Preveza and into the “Inland Sea”
03 September 2010
Preveza is a welcoming town and frequent stop for cruisers in the Ionian. It was even more welcoming for us as we were unexpectedly greeted by friends Daphne and Jim (s/v Qunitessence) who were standing on the town wall ready to take our lines and share tales of their travels since our last meeting in Siracusa, Sicily in May 2009. We happily entertained aboard Sangaris and accepted their invitation for dinner the following night. In between "catching up" we successfully shopped for a new fresh water pump, cockpit table, a "WIND" internet top-off, various provisioning bits. We filled the water tank and gave the boat a much needed washdown ... all gratis whilst tied stern-to the quay as it was after the seasonal 'rush'. Though not populated with many cruising boat crew, the trendy bars and cafes along the waterfront and charming backstreet tavernas were bustling with Greek tourists.
It was cool and rainy most of our time at the dock, but as soon as it cleared on Monday morning, we sailed around the corner and into Amvrakikos Kolpos, the Gulf of Amvrakia aka the Inland Sea.

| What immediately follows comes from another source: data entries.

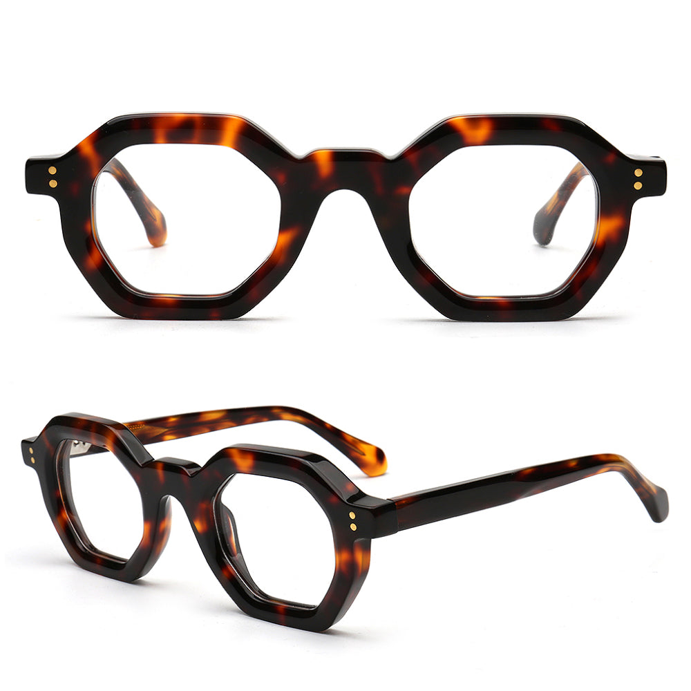 These geometric stylish eyeglass frames are made of acetate material. Durability is a significant factor when choosing eyeglasses frames, and acetate frames do not disappoint. The material's strength means it can withstand daily wear and tear, reducing the need for frequent replacements. These chic spectacles come in black, tortoise, grey, brown and blue color options. The old school geometric shape allows these glasses frames to be worn by both men and women.
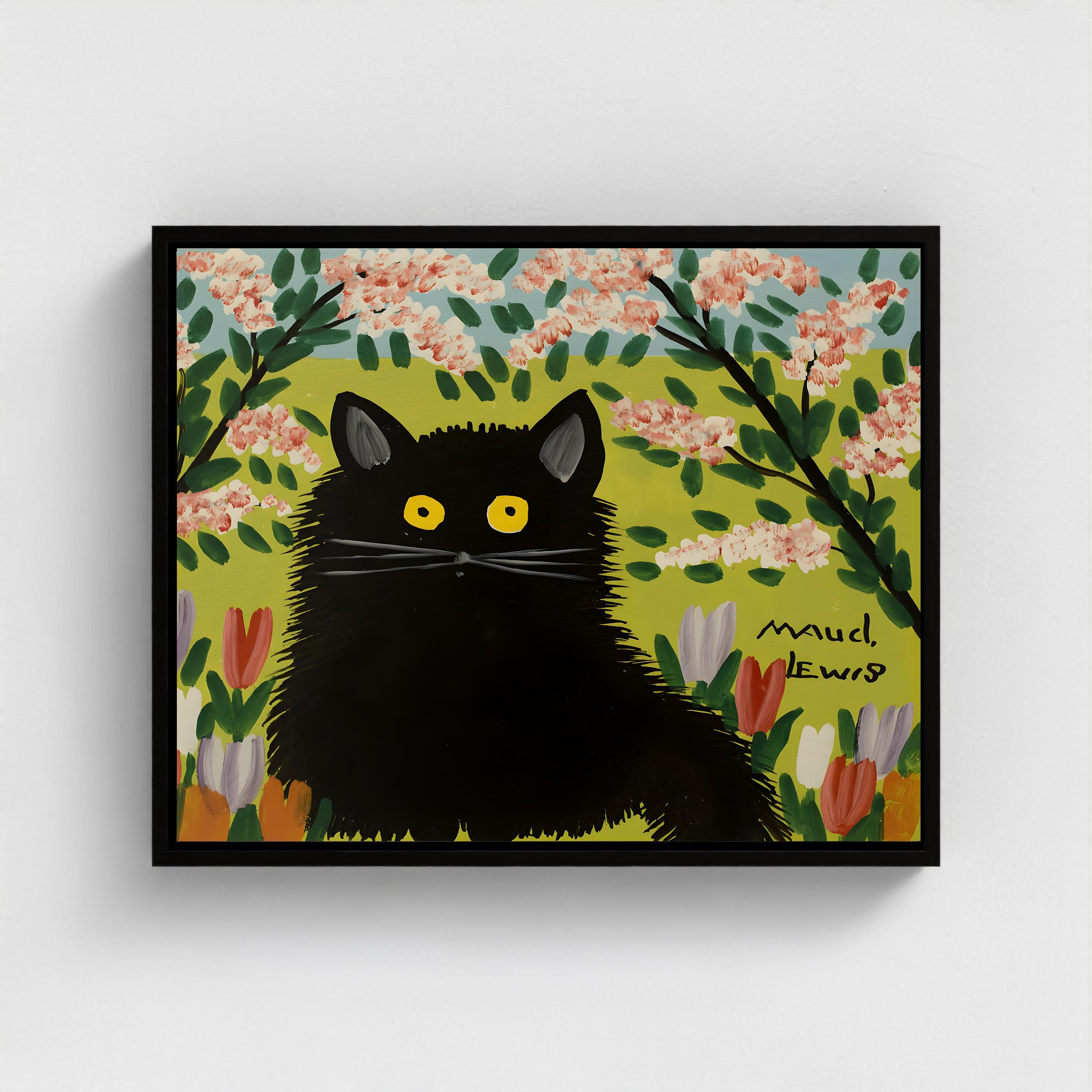 - Giclee pigments on artist-grade canvas mounted within a silk black wood float frame, creating a contemporary shadow gap between canvas and frame.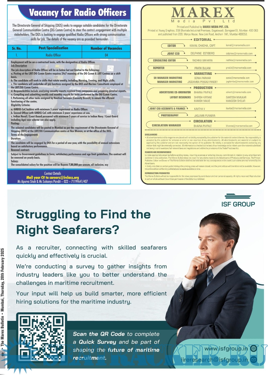The Leading magazine for seafarers to locate Ship-board Employment opportunities, Training Institutes, Shipping companies.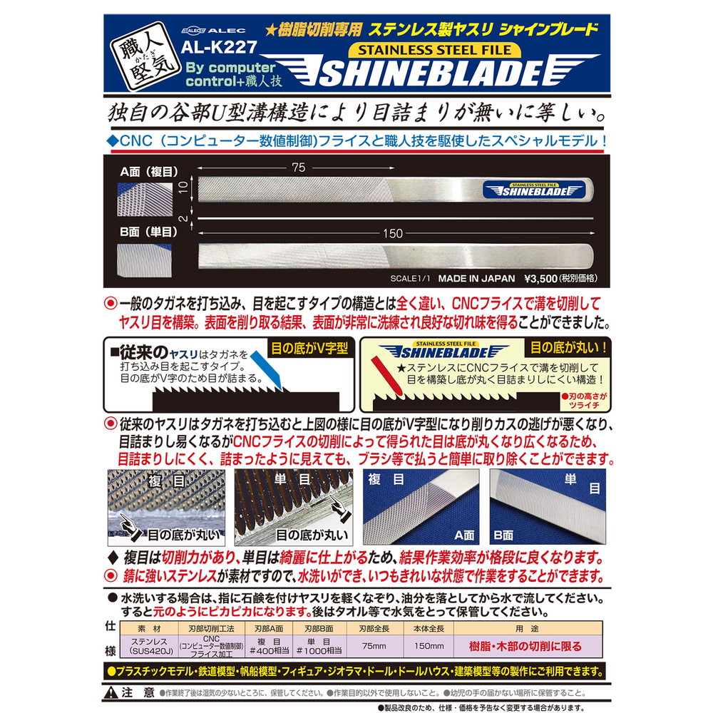 ※職人堅気 樹脂専用 ステンレス製ヤスリ シャインブレード 10(AL-K227)の発売に合わせ、職人堅気 ステンレス製ヤスリ シャインブレード(AL-K44)は廃盤となります。

We anchored off Nikopolis and took the bikes in the next day to see the ruins of this "Victory City" built by Octavian to commemorate his defeat of Anthony and Cleopatra at the battle of Actium. We won't go into all the historic battle details, but it was a strategic win and one that effectively determined the course of the Roman Empire. What you see in the photo montage are remains of the Nikopolis stadium where athletic games and musical events held as well as the huge carved stones that used to form the pediment at the top of Octavius' monument. There was little signage, no guides nor fellow tourists, 'just us' and our imaginations of the long past grandeur of this ancient site.
Dinghy-ing the bikes back to Sangaris we set off on fast beam reach across about 10 miles to anchor off the pine treed peninsula near Vonitsa. The evening sunset beyond the Venetian castle and fort and then the night-time lights around its perimeter made for a truly lovely and "sticky" spot. So "sticky", in fact, that we were "stuck" for three days, enjoying biking around town, hiking to the top of the Venetian fortress and enjoying the calm conditions that usually define the anchorages around this beautiful inland sea.
Cruiser's notes: Given "low season" we could have side-tied and med-moored anywhere along the quay. Water was available from taps hidden under concrete blocks in the gardens along the waterfront. No charge during our September visit!